Friday, March 21, 2008

Holy Thursday and Spe Salvi part one community

Dearly Beloved in Christ

We gather on this Holy Thursday evening to reflect on the meaning of communion, both the communion we receive each Sunday and the communion we feel when we gather as the body of Christ. This past Tuesday, the priests of this Archdiocese gathered with our Archbishop to celebrate this chrism mass, the mass where the holy oils are blessed which will be presented tonight when the gifts are brought forward. During his homily the pope used part of Pope Benedicts encyclical letter on hope that was released on November 30 of last year. I thought it would, therefore, be appropriate for us to spend our triduum reflecting on this encyclical and draw some life principles from it. One of the most surprising aspects of this encyclical is how applicable it is.

Tonight, our readings focus us on community and communion. The pope, in this encyclical, asks at one point if Christian hope is individualistic. We face this question, often, from our evangelical brothers and sisters when they ask us if we know that Christ is our personal Lord and savior. While the Pope doesn’t completely put aside the idea of personal salvation, he definitely reshapes the entire question. Using the theologian Henri de Lubac’s research into salvation, he points out that salvation has always been considered a “social” reality.” In other words, sin is what ordinarily drives us into a kind of personalism whereas redemption is the reestablishment of the person to unity with Christ and, thus, unity with the church. Think of the man whose sin is internet pornography. All through the day, the person is trying to be alone in order to indulge in the perversity of his sin. The frustration of his sin is when people do not allow him to have personal time to be alone.

So, in some ways, islation is the antithesis of salvation. So, how did we get things so turned around as to believe that holiness was something done in isolation whereas sin takes place in community? According to the Pope, this began with Francis Bacon who saw redemption as a restoration of the lost “paradise.” This restoration is done not in faith but a link between science and praxis. In other words, use of the scientific method. A student of Bacon believes that a solution is out there, it just hasn’t been found yet. We need experimental science to free us from all the world’s problems so that we can return to the redeemed state of Eden. This means that faith turns from the substance of hope into a faith in progress; things are getting better. I recently had a conversation with a student at Iowa State who was a student of Francis Bacon. He specifically asked about miracles and the substance of miracles. What if miracles are just unexplained answers to questions. In other words, what if, in the future, we find some kind of mud that actually cures diseases of the eyes when it is mixed with spittle. And, what if we find that this mud is only located in the Middle East around the Sea of Galilee.
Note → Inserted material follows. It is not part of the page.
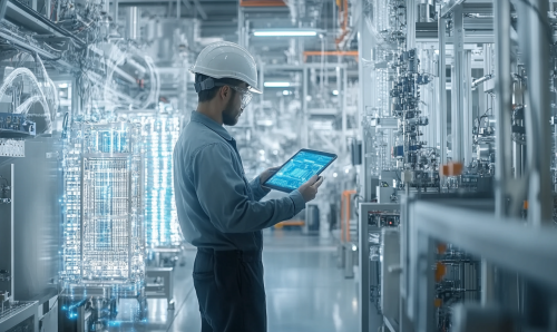 A man in a semiconductor factory, wearing a safety helmet and work clothes, holding a device similar to an iPad while standing in the workspace. The scene is highly detailed and realistic, with various semiconductor machines and equipment in the background. The workshop is brightly lit and well-organized, emphasizing a modern industrial setting. photorealistic, --ar 5:3 --v 6.1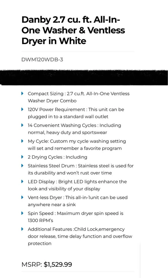 Private sale. Not a store. Brand New. Never used. MSRP 1529.99 + tax. Great for basement or condo/apartment where you don’t have 220v wiring available like standard dryers.

Even if we don’t find it in the future, who’s to say that it wasn’t present at the time of Christ. I had a certain sympathy for this kid because it seems like the logical step after a firm faith in the progress of science. The answer is out there, you just have to find it. There are two critical components to this view of progress; reason and freedom. The Pope says, “Reason and freedom seem to guarantee by themselves, by virtue of their intrinsic goodness, a new and perfect human community. The two key concepts of “reason” and “freedom”, however, were tacitly interpreted as being in conflict with the shackles of faith and of the Church as well as those of the political structures of the period.” In other words, you can either freely believe in reason or believe in the oppressive structures of the church.
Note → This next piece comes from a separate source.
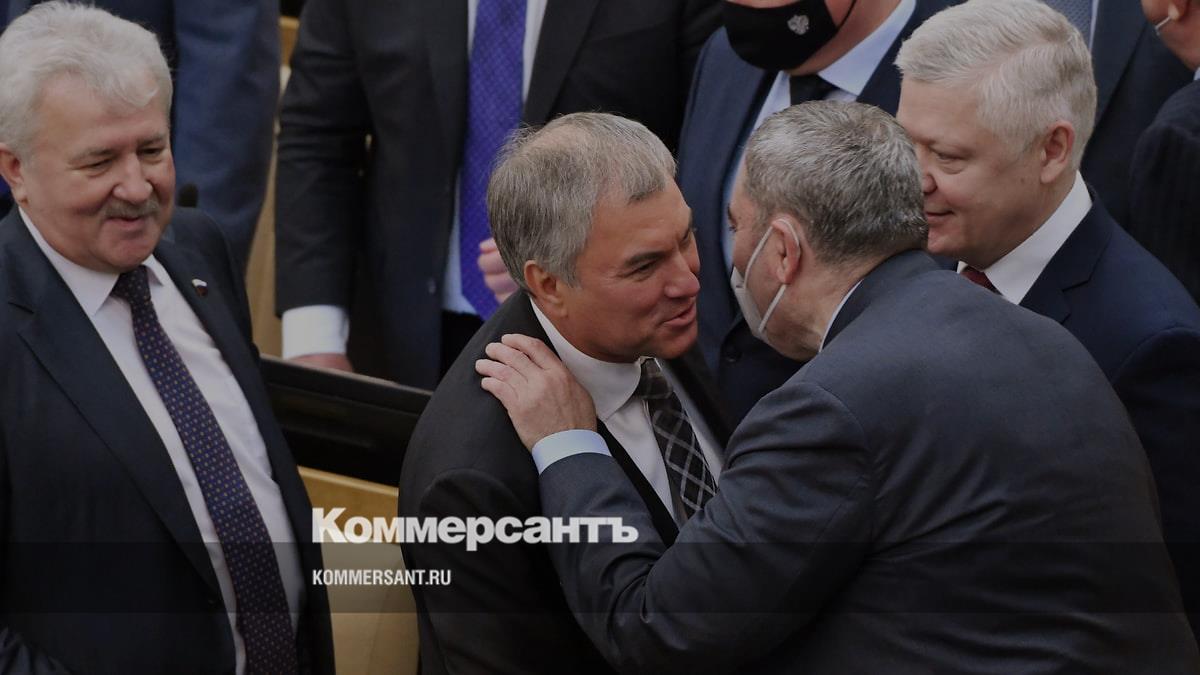 Слева направо: депутат Евгений Москвичев, председатель Госдумы Вячеслав Володин, депутаты Леонид Симановский и Василий Пискарев перед началом заседания

Immanuel Kant changed the focus from a largely scientific atheism into a theological personalism by believing that the end result of this progress was the kingdom of God. Kant, therefore, pitted ecclesiastical faith (or the faith of the church) against a pure religious faith (a personal faith). Obviously, Kant saw that a pure religious faith is superior to the faith of church because it is personal and not encumbered with the communal. Kant even went so far as to intimate that Christianity could be so not worthy of love that God could reject it and allow for the brief reign of the Anti-Christ, a not so shrouded jab at the papacy.

At this point in the conversation, Pope Benedict advocates that, rather than make the mistake of Kant by pitting individual faith above the faith of the church, we need to have a dialogue. We need to help clarify what progress is: name that technological and scientific progress can be morally repugnant. To quote the document, “If technical progress is not matched by corresponding progress in man's ethical formation, in man's inner growth then it is not progress at all, but a threat for man and for the world.” We need to help clarify what reason and hope are. Reason is only reasonable if it is not based entirely upon our own experience. Reason needs to move past human experience in order to encompass all that is. And freedom needs to be understood less as my personal will and more in the convergence of wills. Still, this convergence cannot succeed unless it has a “common intrinsic criterion of measurement” as its foundation. In other words, freedom is in need of a moral compass for it to really free us.

Tomorrow, Good Friday, we will spend some time reflecting on what it is in particular that we are hoping in. And finally, on Easter Sunday, we will feel the hope of the resurrection in the person of an African slave.